Classification Flashcards
week 7
classification probabilities
P(class|features) we’re essentially trying to understand the likelihood of an observation belonging to a particular class given its features.
Approaches to Classifcation
Generative classifiers:.
Generative classifiers try to understand how data is generated, modeling both the features and the classes together.
These generate probabilities P(class|predictors) by first estimating other distributions.
Rely on statistical theory like Bayes theorem.
Discriminative classifiers:
Discriminative classifiers focus on predicting the class directly based on the observed features, without necessarily understanding the underlying data generation process.
Estimate P(class|predictors) directly.
Also referred to as conditional classifiers.
prior probability for a class
The “prior probability for a class” refers to the probability of a particular class occurring before considering any evidence or features. It represents our initial belief or assumption about the likelihood of each class before we observe any data.
in classification problems, prior probabilities are used as a starting point for making predictions.
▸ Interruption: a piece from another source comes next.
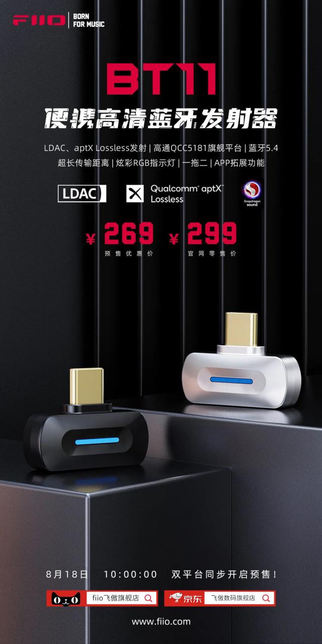IT 世家 8 月 18 日消息,飞傲 BT11 今天便携式超清蓝牙发射器 10:00 打开预售,发射器支持 LDAC,零售价 299 元,首发 269 元。

Posterior Probability for a Class:
P(j∣x) represents the probability of class j given a feature vector x. This is what we want to find out—it’s like the updated probability of each class after we’ve observed the features.
misclassification rate
The performance of a classifier is usually measured by its misclassification rate. The misclassification rate is the proportion of observations assigned to the wrong class.
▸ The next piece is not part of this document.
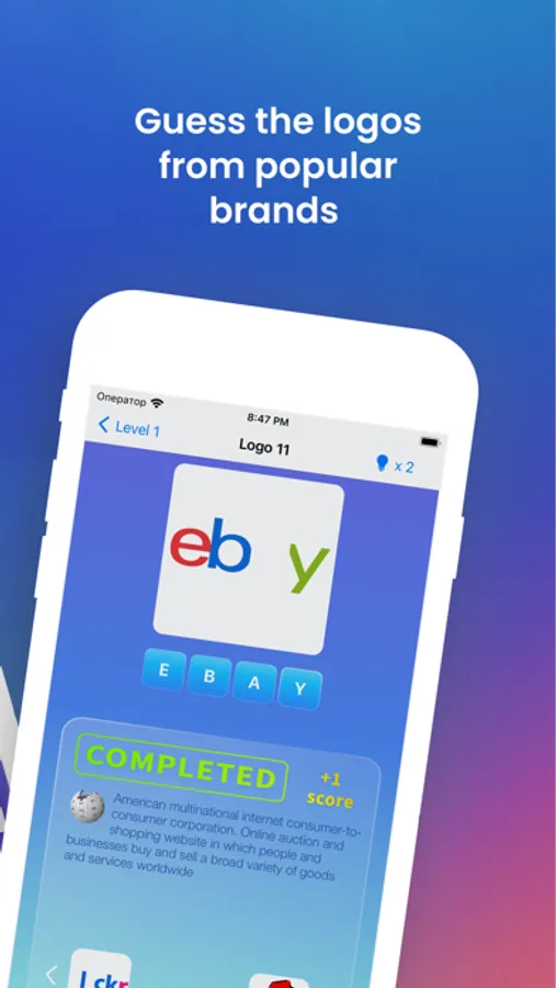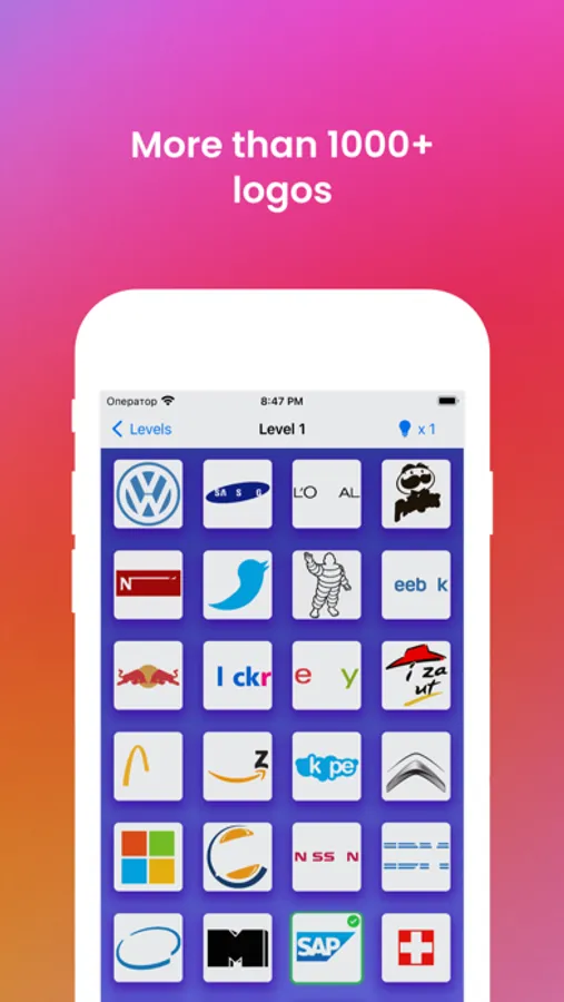 Divided into 21 levels, you'll see more than 1000+ logos. Lot's of interesting hints, that will help you to make each level fully done!

Linear Discriminant Analysis
Linear Discriminant Analysis
- Linear Discriminant Analysis is often abbreviated to LDA.
- LDA applicable when all the features are quantifiable.
- We assume that fj is a (joint) normal probability distribution.
- In addition, we assume that the covariance matrix is the same from class to class.
- The classes are differentiated by locations of their means.
Kernel Discriminant Analysis (KDA):
KDA extends LDA by allowing for more complex, nonlinear decision boundaries between classes. It achieves this by mapping the data into a higher-dimensional space using a kernel function. KDA essentially “lifts” the data into a higher-dimensional space where the classes might be more easily separable and then applies LDA in this new space.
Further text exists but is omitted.